BEGIN
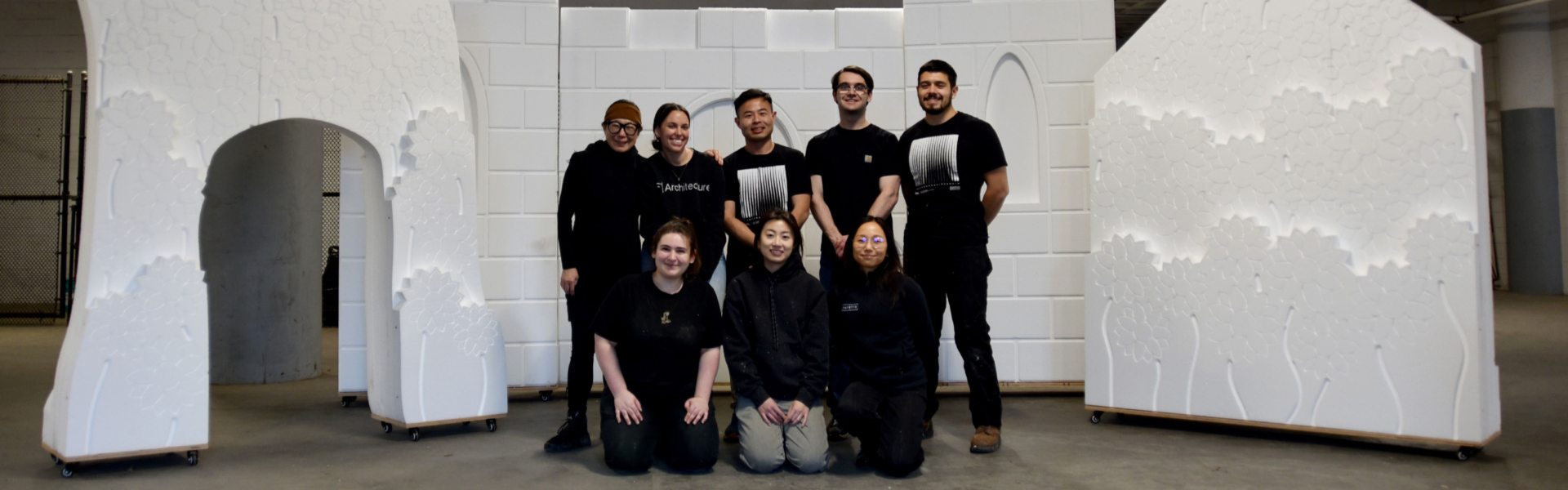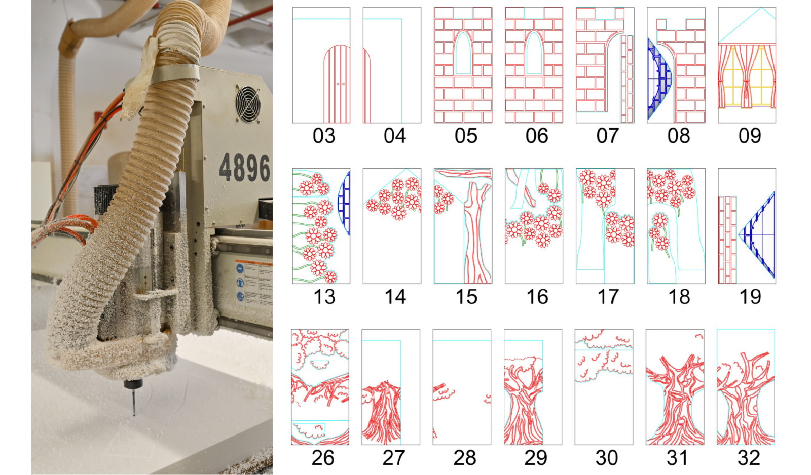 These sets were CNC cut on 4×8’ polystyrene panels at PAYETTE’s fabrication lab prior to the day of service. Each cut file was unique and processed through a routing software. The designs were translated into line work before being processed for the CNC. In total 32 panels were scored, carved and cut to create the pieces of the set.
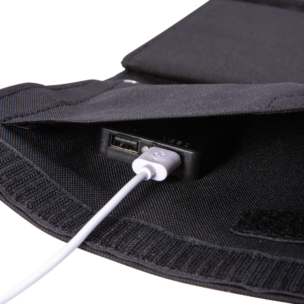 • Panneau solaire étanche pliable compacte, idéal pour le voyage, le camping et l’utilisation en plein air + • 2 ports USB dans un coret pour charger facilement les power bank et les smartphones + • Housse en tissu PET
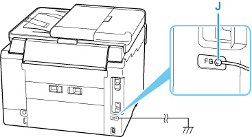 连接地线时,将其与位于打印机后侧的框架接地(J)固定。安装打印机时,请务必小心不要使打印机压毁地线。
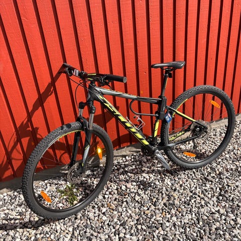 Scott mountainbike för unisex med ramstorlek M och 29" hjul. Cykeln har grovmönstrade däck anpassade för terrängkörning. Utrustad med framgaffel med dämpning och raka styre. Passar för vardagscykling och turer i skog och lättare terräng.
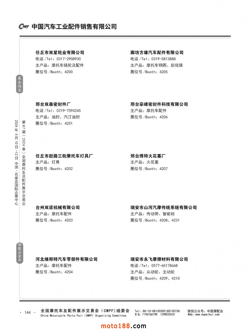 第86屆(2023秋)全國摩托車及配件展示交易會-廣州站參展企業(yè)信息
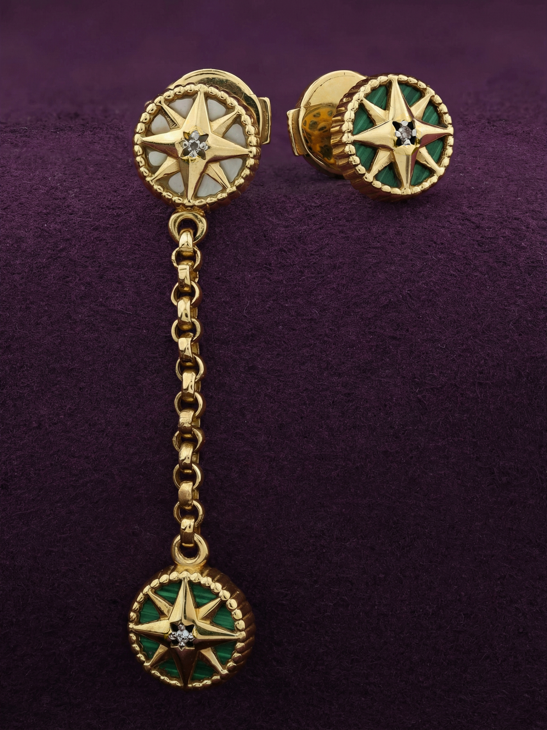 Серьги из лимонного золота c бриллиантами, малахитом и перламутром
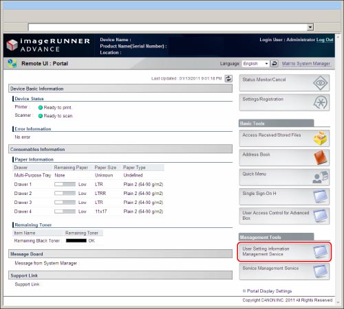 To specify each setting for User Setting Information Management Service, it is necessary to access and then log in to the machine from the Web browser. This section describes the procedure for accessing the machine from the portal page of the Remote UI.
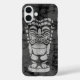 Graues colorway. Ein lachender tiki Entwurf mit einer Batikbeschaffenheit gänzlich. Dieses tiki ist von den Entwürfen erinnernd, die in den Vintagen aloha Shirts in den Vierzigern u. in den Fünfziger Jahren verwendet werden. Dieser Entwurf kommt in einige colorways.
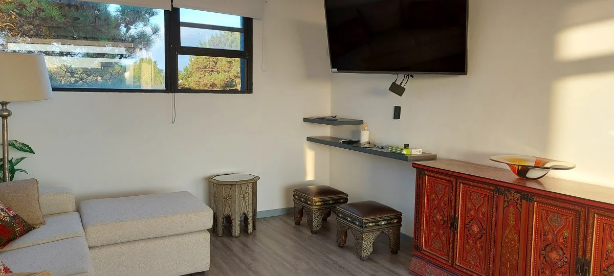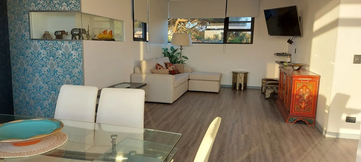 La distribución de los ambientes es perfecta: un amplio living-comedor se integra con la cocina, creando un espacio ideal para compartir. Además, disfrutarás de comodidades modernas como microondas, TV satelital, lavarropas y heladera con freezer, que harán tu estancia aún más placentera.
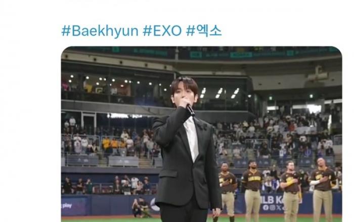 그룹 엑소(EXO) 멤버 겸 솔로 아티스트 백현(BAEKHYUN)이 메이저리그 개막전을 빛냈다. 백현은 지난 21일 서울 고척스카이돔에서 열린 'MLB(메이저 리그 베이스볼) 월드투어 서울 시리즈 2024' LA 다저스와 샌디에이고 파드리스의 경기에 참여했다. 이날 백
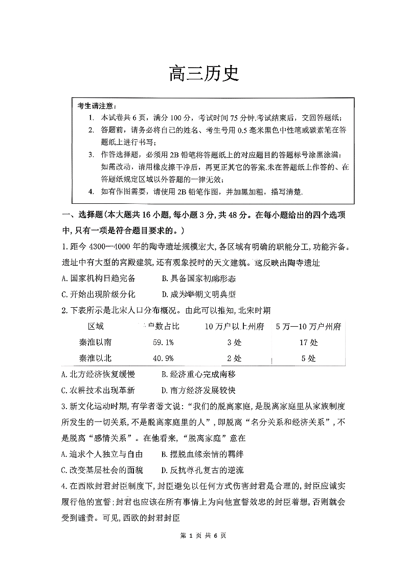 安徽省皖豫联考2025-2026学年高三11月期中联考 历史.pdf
END
BEGIN
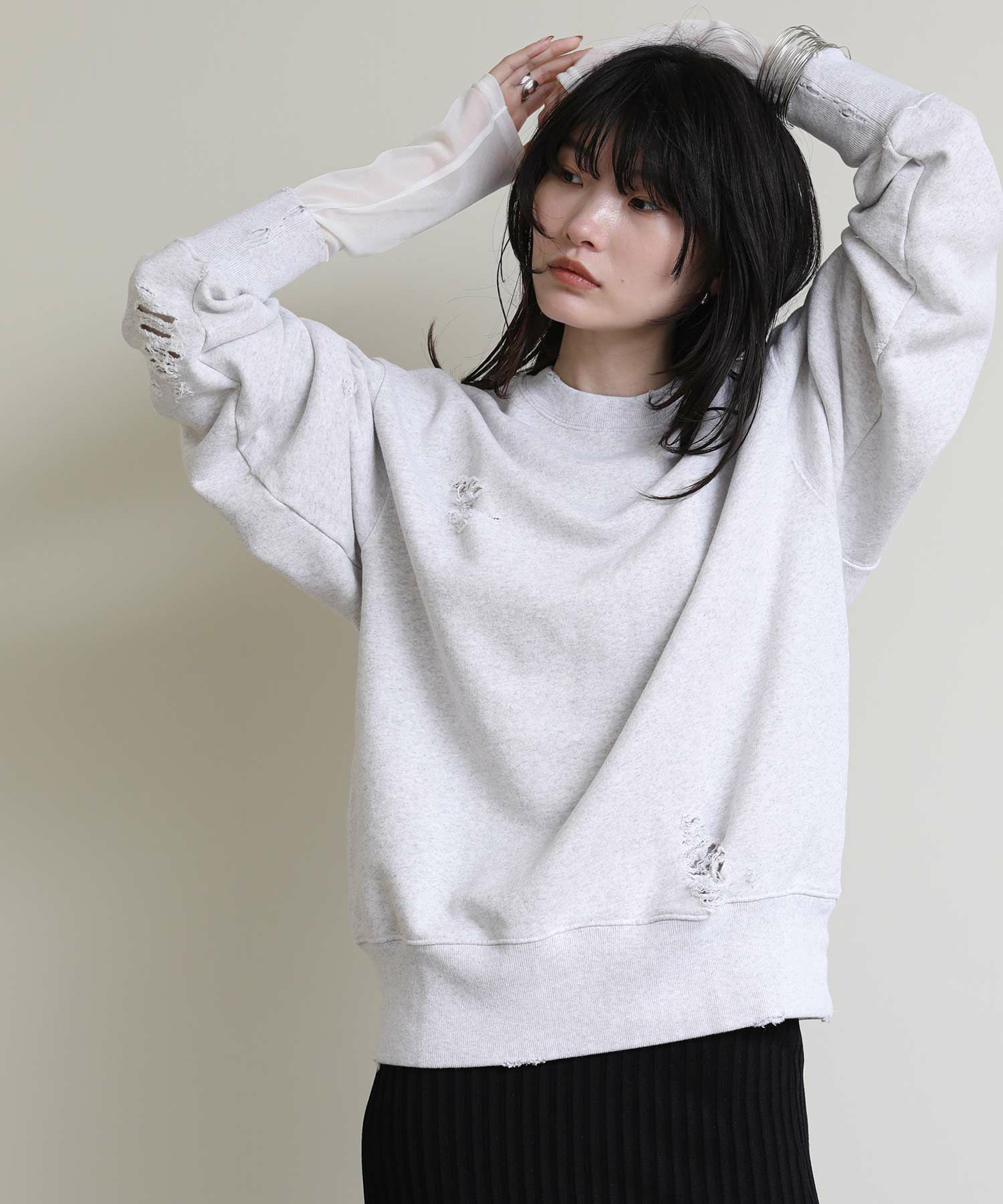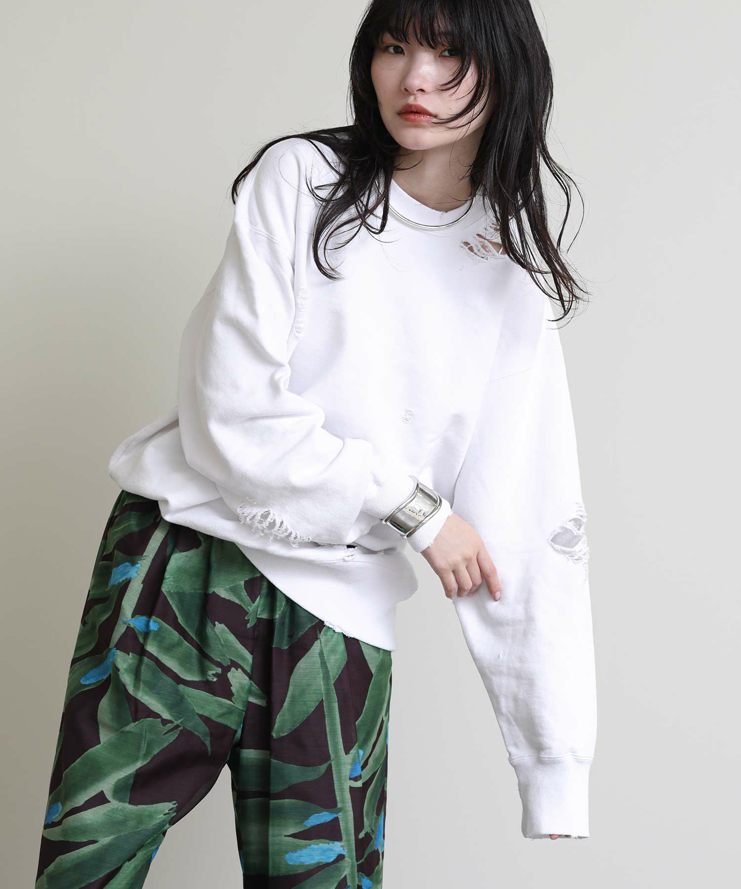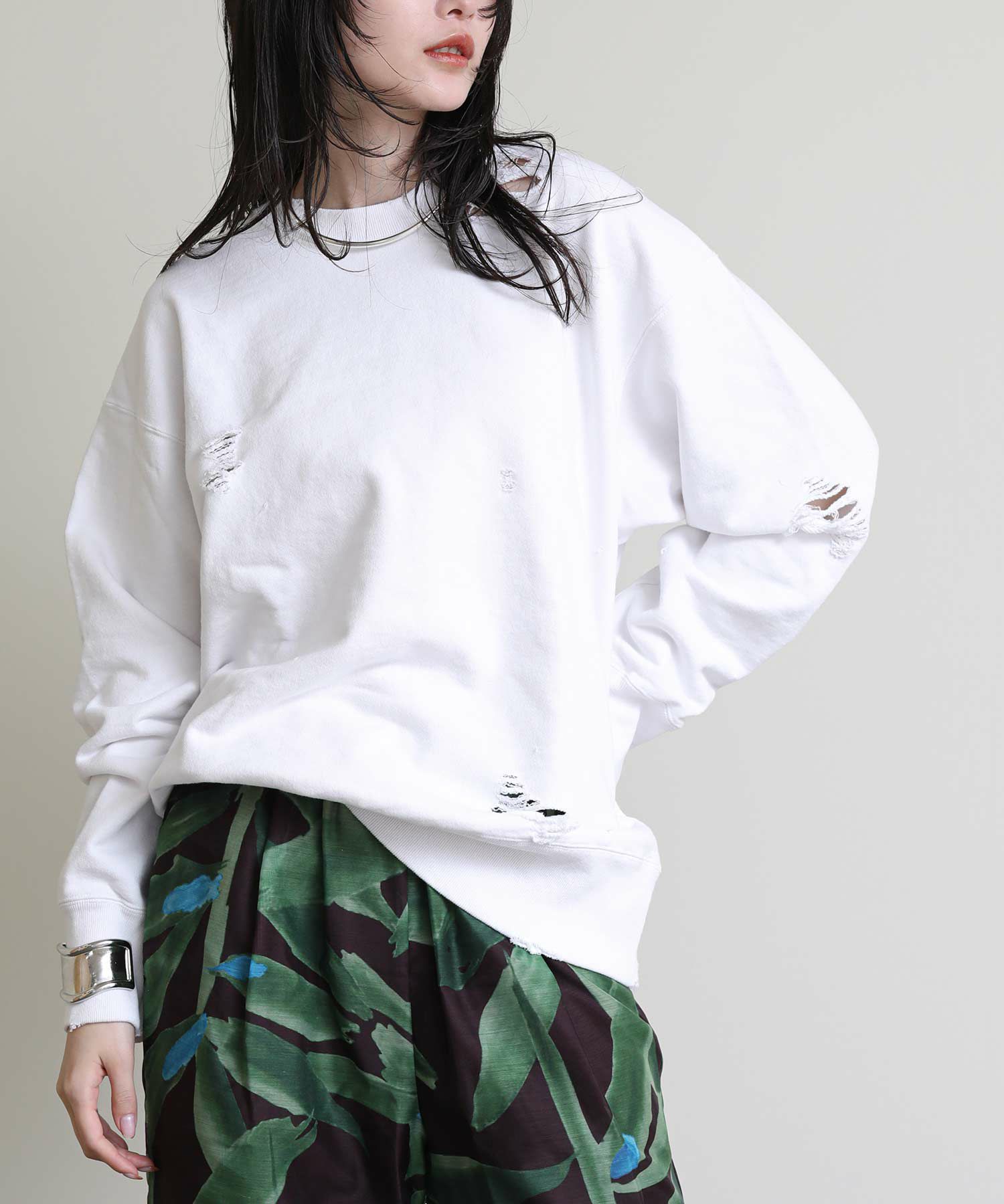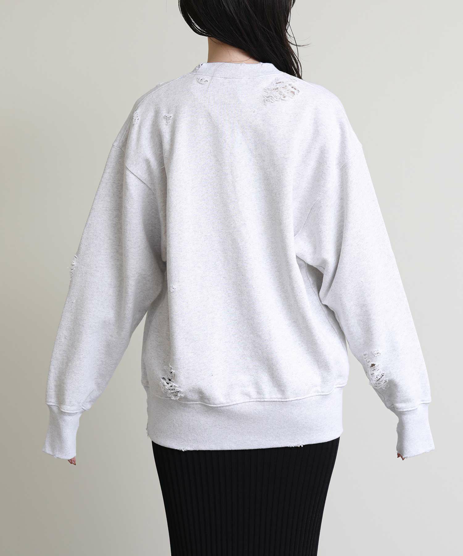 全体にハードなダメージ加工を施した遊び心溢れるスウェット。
END
(What you are asked to do)
From the records above, return exactly the lines running from the one that contains "그룹 엑소(EXO) 멤버" down to the one that contains "安徽省皖豫联考2025-2026学年高三11月期中联考 历史.pdf", both included, without any pictures.

(Output of the exercise)
 그룹 엑소(EXO) 멤버 겸 솔로 아티스트 백현(BAEKHYUN)이 메이저리그 개막전을 빛냈다. 백현은 지난 21일 서울 고척스카이돔에서 열린 'MLB(메이저 리그 베이스볼) 월드투어 서울 시리즈 2024' LA 다저스와 샌디에이고 파드리스의 경기에 참여했다. 이날 백
 安徽省皖豫联考2025-2026学年高三11月期中联考 历史.pdf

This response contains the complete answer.